#### EXERCISE PROMPT
When the string "through" is part of a line in the data below, report the whole line.

#### DATASET RECORDS
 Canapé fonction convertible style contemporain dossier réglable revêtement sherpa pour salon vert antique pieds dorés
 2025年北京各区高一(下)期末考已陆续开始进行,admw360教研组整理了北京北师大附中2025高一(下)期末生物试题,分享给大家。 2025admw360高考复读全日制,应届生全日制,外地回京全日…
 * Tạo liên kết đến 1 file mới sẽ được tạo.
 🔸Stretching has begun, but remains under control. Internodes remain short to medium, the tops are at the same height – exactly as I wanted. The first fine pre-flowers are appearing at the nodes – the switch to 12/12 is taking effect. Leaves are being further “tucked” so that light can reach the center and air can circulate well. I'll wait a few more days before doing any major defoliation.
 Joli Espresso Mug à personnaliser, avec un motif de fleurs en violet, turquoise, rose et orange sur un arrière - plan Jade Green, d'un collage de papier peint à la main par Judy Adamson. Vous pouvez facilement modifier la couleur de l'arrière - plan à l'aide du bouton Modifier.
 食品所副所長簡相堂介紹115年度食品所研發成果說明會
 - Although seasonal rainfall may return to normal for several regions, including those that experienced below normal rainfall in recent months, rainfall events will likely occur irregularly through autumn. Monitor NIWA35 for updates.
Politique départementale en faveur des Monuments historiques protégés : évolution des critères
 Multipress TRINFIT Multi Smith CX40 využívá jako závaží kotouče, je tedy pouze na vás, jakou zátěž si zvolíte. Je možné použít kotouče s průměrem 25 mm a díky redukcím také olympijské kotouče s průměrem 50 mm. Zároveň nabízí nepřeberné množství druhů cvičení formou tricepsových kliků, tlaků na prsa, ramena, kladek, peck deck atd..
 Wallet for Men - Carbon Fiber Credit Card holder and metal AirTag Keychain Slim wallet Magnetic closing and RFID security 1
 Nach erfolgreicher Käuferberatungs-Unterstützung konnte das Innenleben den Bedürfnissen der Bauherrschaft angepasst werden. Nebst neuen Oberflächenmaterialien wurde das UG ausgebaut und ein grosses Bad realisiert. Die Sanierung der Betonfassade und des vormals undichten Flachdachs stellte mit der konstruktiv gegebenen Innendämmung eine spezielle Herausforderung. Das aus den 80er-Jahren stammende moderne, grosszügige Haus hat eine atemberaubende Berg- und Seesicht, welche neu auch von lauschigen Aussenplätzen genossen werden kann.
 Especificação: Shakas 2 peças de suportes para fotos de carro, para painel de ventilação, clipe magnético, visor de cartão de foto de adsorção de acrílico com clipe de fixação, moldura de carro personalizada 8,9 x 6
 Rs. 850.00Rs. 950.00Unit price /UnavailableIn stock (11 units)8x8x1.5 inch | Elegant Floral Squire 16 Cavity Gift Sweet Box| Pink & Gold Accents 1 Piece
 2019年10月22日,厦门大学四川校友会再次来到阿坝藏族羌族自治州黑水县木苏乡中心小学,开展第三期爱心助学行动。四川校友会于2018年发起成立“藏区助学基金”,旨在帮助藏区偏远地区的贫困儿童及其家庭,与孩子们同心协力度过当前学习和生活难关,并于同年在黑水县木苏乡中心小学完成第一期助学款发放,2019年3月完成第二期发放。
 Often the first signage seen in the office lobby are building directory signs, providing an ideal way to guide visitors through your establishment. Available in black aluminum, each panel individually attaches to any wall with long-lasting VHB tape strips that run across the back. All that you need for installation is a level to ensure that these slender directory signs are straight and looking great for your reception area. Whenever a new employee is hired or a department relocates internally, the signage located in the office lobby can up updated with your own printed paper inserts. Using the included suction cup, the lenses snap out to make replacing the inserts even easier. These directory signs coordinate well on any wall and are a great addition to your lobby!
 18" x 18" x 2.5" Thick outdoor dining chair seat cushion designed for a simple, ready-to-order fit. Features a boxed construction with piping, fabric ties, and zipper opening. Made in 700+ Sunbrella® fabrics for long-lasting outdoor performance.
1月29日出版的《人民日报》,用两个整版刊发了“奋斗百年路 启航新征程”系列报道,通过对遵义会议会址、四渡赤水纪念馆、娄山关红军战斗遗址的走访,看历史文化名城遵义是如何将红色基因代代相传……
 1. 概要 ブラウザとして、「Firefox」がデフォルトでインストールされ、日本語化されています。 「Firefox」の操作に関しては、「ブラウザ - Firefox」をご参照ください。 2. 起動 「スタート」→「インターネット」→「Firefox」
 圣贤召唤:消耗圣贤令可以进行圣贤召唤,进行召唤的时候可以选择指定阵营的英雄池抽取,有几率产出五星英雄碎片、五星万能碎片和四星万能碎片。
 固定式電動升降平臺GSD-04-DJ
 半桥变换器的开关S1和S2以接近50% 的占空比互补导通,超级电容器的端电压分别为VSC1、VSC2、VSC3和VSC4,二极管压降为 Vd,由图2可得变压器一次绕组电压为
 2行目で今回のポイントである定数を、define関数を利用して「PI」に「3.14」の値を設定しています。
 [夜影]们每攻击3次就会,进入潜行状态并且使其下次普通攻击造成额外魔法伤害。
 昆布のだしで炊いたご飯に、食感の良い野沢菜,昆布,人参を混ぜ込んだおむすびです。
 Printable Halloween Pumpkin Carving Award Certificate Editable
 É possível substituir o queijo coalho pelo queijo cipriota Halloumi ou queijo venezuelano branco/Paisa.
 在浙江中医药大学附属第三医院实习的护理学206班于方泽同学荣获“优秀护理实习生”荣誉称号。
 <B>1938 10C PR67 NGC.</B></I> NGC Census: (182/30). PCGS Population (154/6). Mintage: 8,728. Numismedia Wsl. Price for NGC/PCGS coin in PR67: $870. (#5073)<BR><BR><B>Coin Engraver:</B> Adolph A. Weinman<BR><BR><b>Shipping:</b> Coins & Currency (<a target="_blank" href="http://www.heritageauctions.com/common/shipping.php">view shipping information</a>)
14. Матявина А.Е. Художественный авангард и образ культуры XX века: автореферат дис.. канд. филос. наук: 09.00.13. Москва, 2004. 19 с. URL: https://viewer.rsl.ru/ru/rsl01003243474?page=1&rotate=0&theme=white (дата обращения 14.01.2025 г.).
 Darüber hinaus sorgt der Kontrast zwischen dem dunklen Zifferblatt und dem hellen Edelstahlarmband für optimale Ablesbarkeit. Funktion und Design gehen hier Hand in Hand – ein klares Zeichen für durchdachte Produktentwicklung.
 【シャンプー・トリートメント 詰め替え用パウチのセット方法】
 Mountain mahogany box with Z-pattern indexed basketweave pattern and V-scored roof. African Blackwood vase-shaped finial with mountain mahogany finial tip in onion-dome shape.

#### RESULT FOR THIS TASK
 - Although seasonal rainfall may return to normal for several regions, including those that experienced below normal rainfall in recent months, rainfall events will likely occur irregularly through autumn. Monitor NIWA35 for updates.
 Often the first signage seen in the office lobby are building directory signs, providing an ideal way to guide visitors through your establishment. Available in black aluminum, each panel individually attaches to any wall with long-lasting VHB tape strips that run across the back. All that you need for installation is a level to ensure that these slender directory signs are straight and looking great for your reception area. Whenever a new employee is hired or a department relocates internally, the signage located in the office lobby can up updated with your own printed paper inserts. Using the included suction cup, the lenses snap out to make replacing the inserts even easier. These directory signs coordinate well on any wall and are a great addition to your lobby!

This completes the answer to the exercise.